Entries shown>
[Start of section]

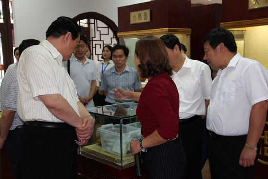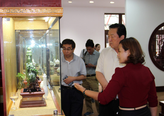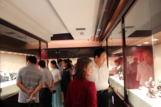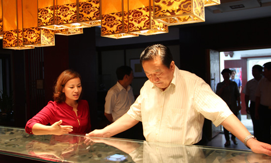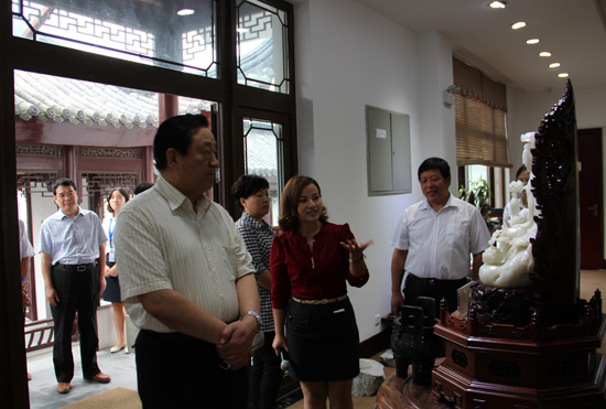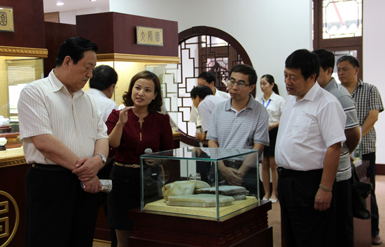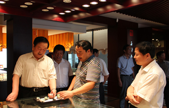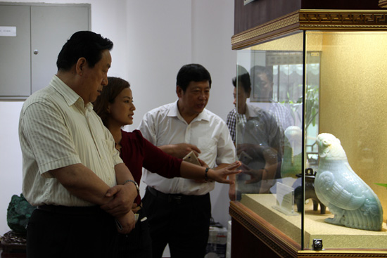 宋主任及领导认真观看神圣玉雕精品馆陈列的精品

[End of section]
[Start of section]

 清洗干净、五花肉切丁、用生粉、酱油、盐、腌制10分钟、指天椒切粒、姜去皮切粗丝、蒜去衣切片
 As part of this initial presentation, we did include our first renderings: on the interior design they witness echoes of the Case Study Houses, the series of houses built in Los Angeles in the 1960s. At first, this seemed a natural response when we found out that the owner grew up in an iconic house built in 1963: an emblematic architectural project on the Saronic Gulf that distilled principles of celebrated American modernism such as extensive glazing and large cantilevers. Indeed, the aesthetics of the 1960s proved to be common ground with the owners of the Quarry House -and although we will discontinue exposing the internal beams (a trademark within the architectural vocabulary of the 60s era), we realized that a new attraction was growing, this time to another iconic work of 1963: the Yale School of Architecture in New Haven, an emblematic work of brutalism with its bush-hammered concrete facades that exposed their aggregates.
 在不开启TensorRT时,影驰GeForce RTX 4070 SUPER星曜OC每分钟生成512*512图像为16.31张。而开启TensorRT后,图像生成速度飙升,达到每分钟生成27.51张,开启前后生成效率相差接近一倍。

[End of section]

What is required> Restate word for word the lines in the material above from the one with "清洗干净、五花肉切丁、用生粉" to the one with "在不开启TensorRT时,影驰GeForce RTX 4070"; both of those lines count, and nothing else does.

Written response>
 清洗干净、五花肉切丁、用生粉、酱油、盐、腌制10分钟、指天椒切粒、姜去皮切粗丝、蒜去衣切片
 As part of this initial presentation, we did include our first renderings: on the interior design they witness echoes of the Case Study Houses, the series of houses built in Los Angeles in the 1960s. At first, this seemed a natural response when we found out that the owner grew up in an iconic house built in 1963: an emblematic architectural project on the Saronic Gulf that distilled principles of celebrated American modernism such as extensive glazing and large cantilevers. Indeed, the aesthetics of the 1960s proved to be common ground with the owners of the Quarry House -and although we will discontinue exposing the internal beams (a trademark within the architectural vocabulary of the 60s era), we realized that a new attraction was growing, this time to another iconic work of 1963: the Yale School of Architecture in New Haven, an emblematic work of brutalism with its bush-hammered concrete facades that exposed their aggregates.
 在不开启TensorRT时,影驰GeForce RTX 4070 SUPER星曜OC每分钟生成512*512图像为16.31张。而开启TensorRT后,图像生成速度飙升,达到每分钟生成27.51张,开启前后生成效率相差接近一倍。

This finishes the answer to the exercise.